R: splitting a numeric string

rvrvrv picture rvrvrv · Jun 3, 2012 · Viewed 15.5k times · Source

I'm trying to split a numeric string of 40 digits (ie. splitting 123456789123456789123456789 into 1 2 3 4 etc.)

Unfortunately strsplit doesn't work as it requires characters, and converting the string using as.character doesn't work as it is very long and R automatically cuts off decimals for long digits (maximum is 22 decimals). I thus end up with "1.2345e+35" as a character string, instead of the full digit.

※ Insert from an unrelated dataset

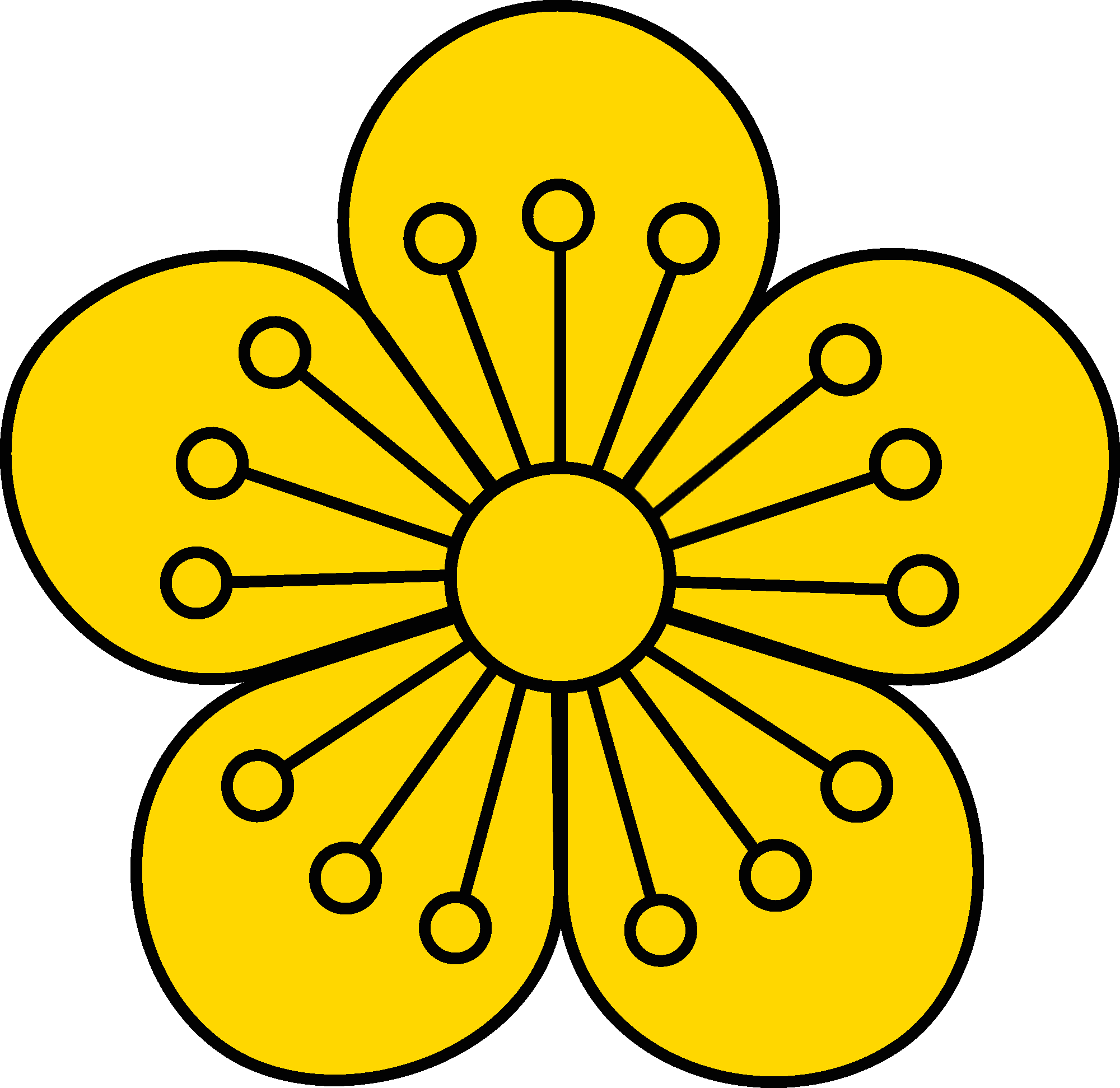 Ihwamun, The Imperial Seal of Korea

Is there a numeric variant of strsplit, or a work around to the decimal-cutting-off issue? I can't seem to find the answer on stackoverflow, but apologies if this has already been answered before. Thanks in advance!

Answer

Mark Miller picture Mark Miller · Jun 4, 2012

If R is calculating the number I do not know the solution. If the number is in a data file I think the code below might work. Although, if the number is in a data file there are probably much easier solutions.

a1 <- read.table("c:/users/Mark W Miller/simple R programs/long_number.txt", colClasses = 'character')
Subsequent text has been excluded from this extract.